CHRISTINE LINDEY discovers a fantastic exhibition of humanist prints from the US at the British Museum.

Edward Hopper and Jackson Pollock are well known in Britain, but few will be aware of John Sloan, Louis Lozowick, Robert Gwathmey, Blanche Grambs or Charles Keller. This is hardly surprising, since they were socialists or communists.

Active in the first half the 20th century, they were duly dismissed as "un-American" during the cold war. Along with many others, including apolitical realists, they were overlooked or marginalised by mainstream art history, written at that time which trumpeted the "triumph" of US abstractionism.

With a few exceptions such as Hopper, this skewed narrative has lingered to this day, particularly in Europe.

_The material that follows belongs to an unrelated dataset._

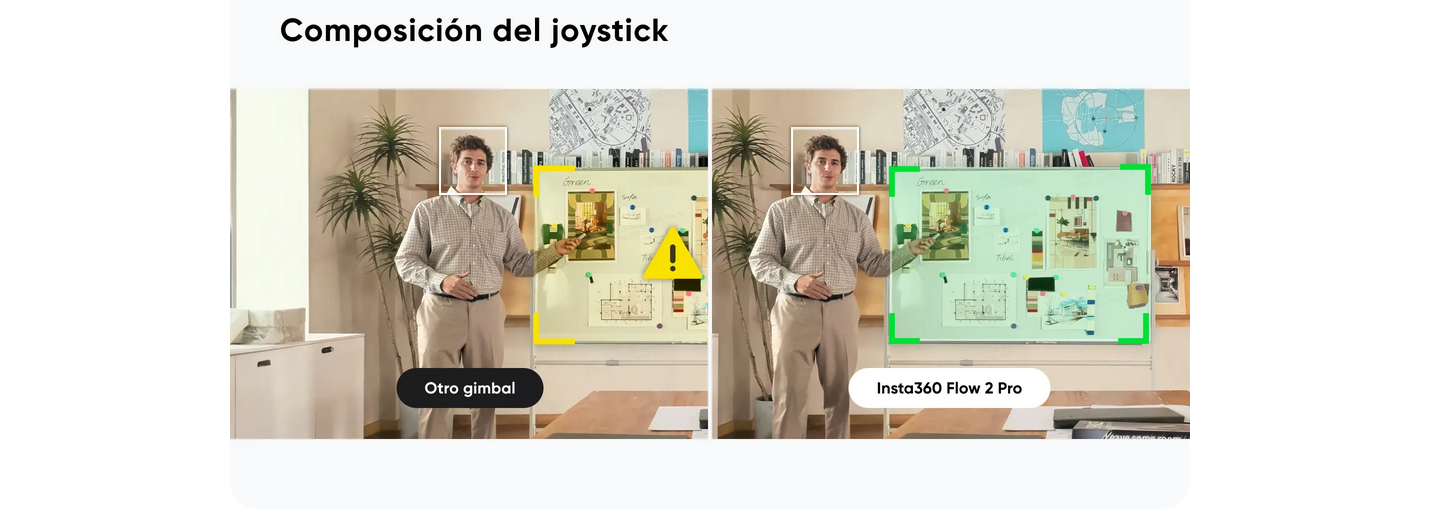- Con el avanzado seguimiento guiado por IA, Flow 2 Pro identifica sujetos de forma precisa en entornos complejos, manteniendo una sujeción firme y nunca perdiendo el seguimeinto del sujeto.

But not any more. This marvellous exhibition introduces them and other little-known US artists to the British public.

At the beginning of the century, the Ash Can School rejected the idealisations and pretensions of academic art to engage directly with unvarnished life. It included the socialists John Sloan and George Bellows, both of whom made illustrations for the left-wing magazine The Masses.

An admirer of Hogarth, Sloan advised his students to leave the studio to go out into the streets and look at life. His etching Roofs, Summer Night (1906) does just that.

'As they experienced rural and urban poverty, more artists became politicised. Gone were the utopian visions of the machine age.'

Slum dwellers have escaped the sweltering humidity of New York heat by sleeping on their tenement roofs. With swift accurate line, dramatised by sharp contrasts of dark and light, Sloan captures the unposed abandonment of real people asleep.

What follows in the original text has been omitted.